Sunday, August 27, 2006

Interesting pro-National Health Care Argument

Don Boudreaux at Cafe Hayek posts a critique of Malcolm Gladwell's New Yorker article on universal health insurance. A good post, but nothing shockingly new. But Tom West in the comments has a nuanced and interesting defense of a Canadian-style system that I'd not heard before:
I think you misunderstand the advantages of a national health-care scheme. If the Canadian model is any indication, you can get about 90% of the health outcomes for close to 50% of the costs.

Two things, however. National health-care works because it *is* rationing. Anybody who thinks they can get the advantages of national health-care (much lower costs) without the downside (somewhat lower health outcomes) is completely fooling themselves.

Frankly, unless Americans are willing to accept this trade-off, (and I don't think they are) it isn't possible to gain the primary benefits from a national health care system...It's easy to be told "there's nothing we can do for Grandpa any more". That doesn't work when next door somebody
is doing something (mostly fruitlessly spending dollars, but there will be *some* successes) for their Grandpa.)

...(A better analogy instead of steel is cars. People are currently buying BMWs, but if the government centralized it, we'd all be riding Toyota Corolla's. A *lot* cheaper, but not quite the same thing.)


I believe I've run across parts of this before, but Tom is the first person who's laid it out this clearly. National health care saves money because it forbids expensive, low-benefit treatments. It gives you a way to feel you've done everything possible without actually spending money on all the things that are possible. If no one can get these treatments—say, because private healthcare is outlawed—you can't feel bad about not spending barrels of money to extend Grandma's life another six months. Thus the scheme is dependant on outright forbidding many treatments, and insuring that there's no superior private option availalble. (Tom notes that the US provides a last-resort outlet, which lets off some pressure but isn't terribly visible and so doesn't bother most Canadians.)

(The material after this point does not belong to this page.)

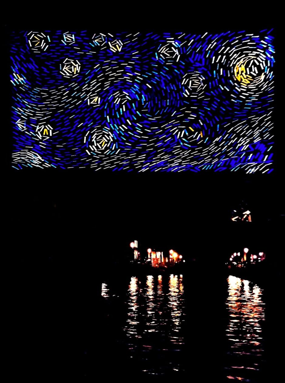 În imaginea de azi este o instalație expusă în Amsterdam în cadrul Festivalului Luminii 2018, după lucrarea lui Van Gogh, Noapte înstelată, devenită o imagine fundamentală a expresionismului, lucrare despre care puteți afla mai multe aici.

Tom is right that this will save a lot of money (though moving to a Canadian system in America removes Canada's outlet, and ensures that we don't have one either). But this plan also means that you aren't allowed to get healthcare that could save your life. I find this thoroughly repugnant. That's a moral argument, not an economic one, and I can't prove its objective truth. But I can't buy into Tom's scheme; and I doubt that most Americans, were the plan presented to them clearly, would either.